- **Required work**
Output the whole listing exactly, except for the pictures in it.

- **Exercise data**
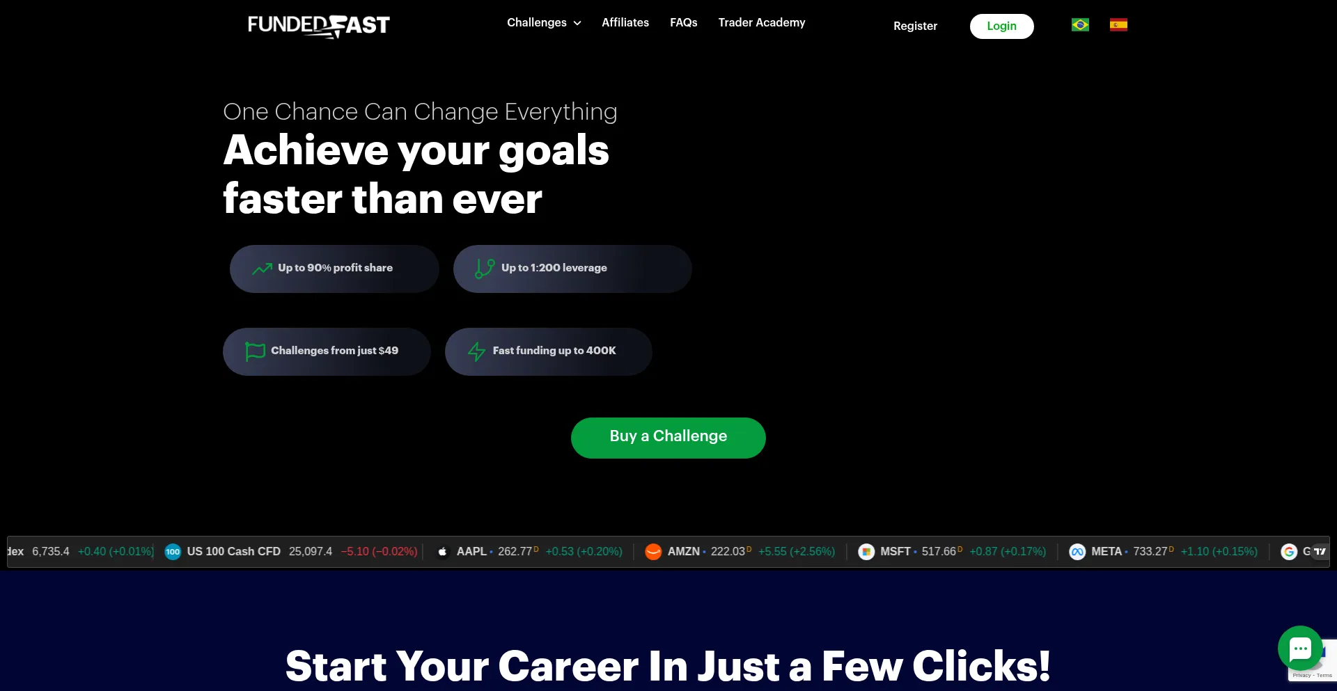 One Chance Can Change Everything Achieve your goals faster than ever Up to 90% profit share Up to 1:200 leverage Challenges from just $49 Fast funding up to 400K Buy a Challenge...
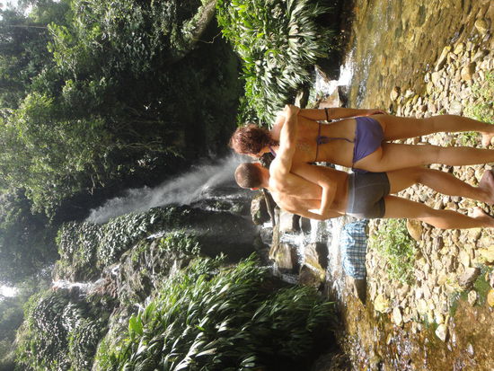 Immer mal wieder eine Abkühlung im frischen klaren Wasser nehmen...hier mit hunderten neugierigen Fischen, die an einem rumknabbern.
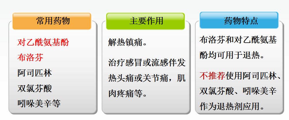 可缓解感冒者的发热、头痛、肌肉痛、关节痛等症状,也可以抑制炎症反应。常用药物是对乙酰氨基酚和布洛芬。
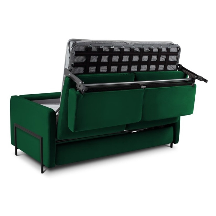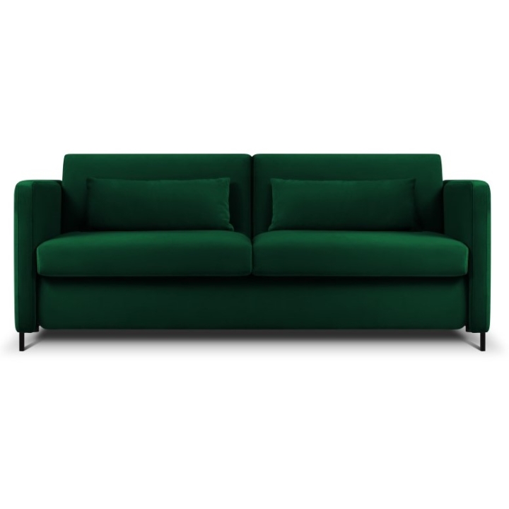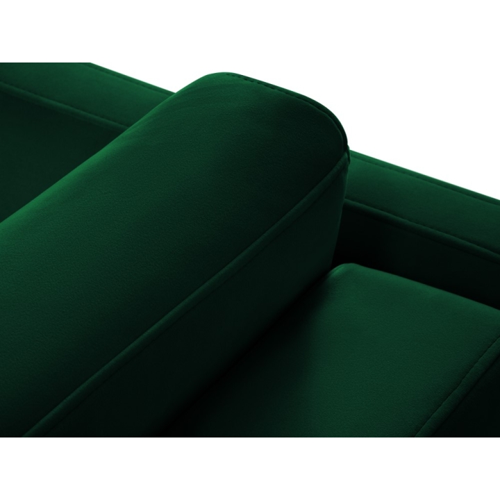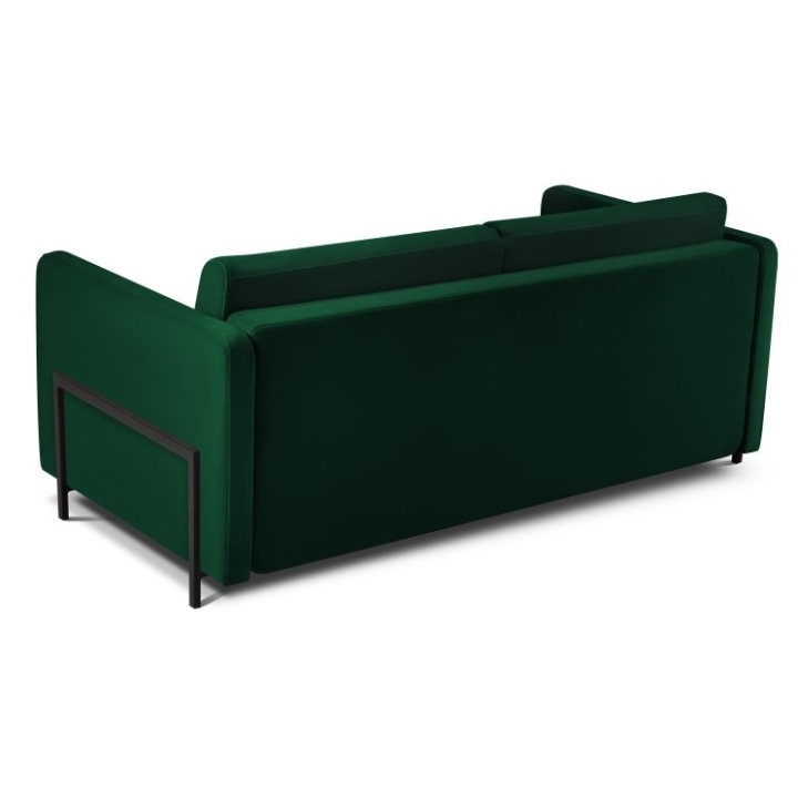 The sofa is distinguished by its velvet fabric available in a wide range of colours. The fabric is extremely resistant to abrasion (Martindale test: 100,000) and protected by Liquid Blocked technology, which prevents liquids from penetrating the fabric. The black metal legs with a height of 10 cm give the furniture a modern, light look, and the overall dimensions of 182x102x80 cm make the sofa fit well in a variety of interior settings.

- **Answer section**
 One Chance Can Change Everything Achieve your goals faster than ever Up to 90% profit share Up to 1:200 leverage Challenges from just $49 Fast funding up to 400K Buy a Challenge...
 Immer mal wieder eine Abkühlung im frischen klaren Wasser nehmen...hier mit hunderten neugierigen Fischen, die an einem rumknabbern.
 可缓解感冒者的发热、头痛、肌肉痛、关节痛等症状,也可以抑制炎症反应。常用药物是对乙酰氨基酚和布洛芬。
 The sofa is distinguished by its velvet fabric available in a wide range of colours. The fabric is extremely resistant to abrasion (Martindale test: 100,000) and protected by Liquid Blocked technology, which prevents liquids from penetrating the fabric. The black metal legs with a height of 10 cm give the furniture a modern, light look, and the overall dimensions of 182x102x80 cm make the sofa fit well in a variety of interior settings.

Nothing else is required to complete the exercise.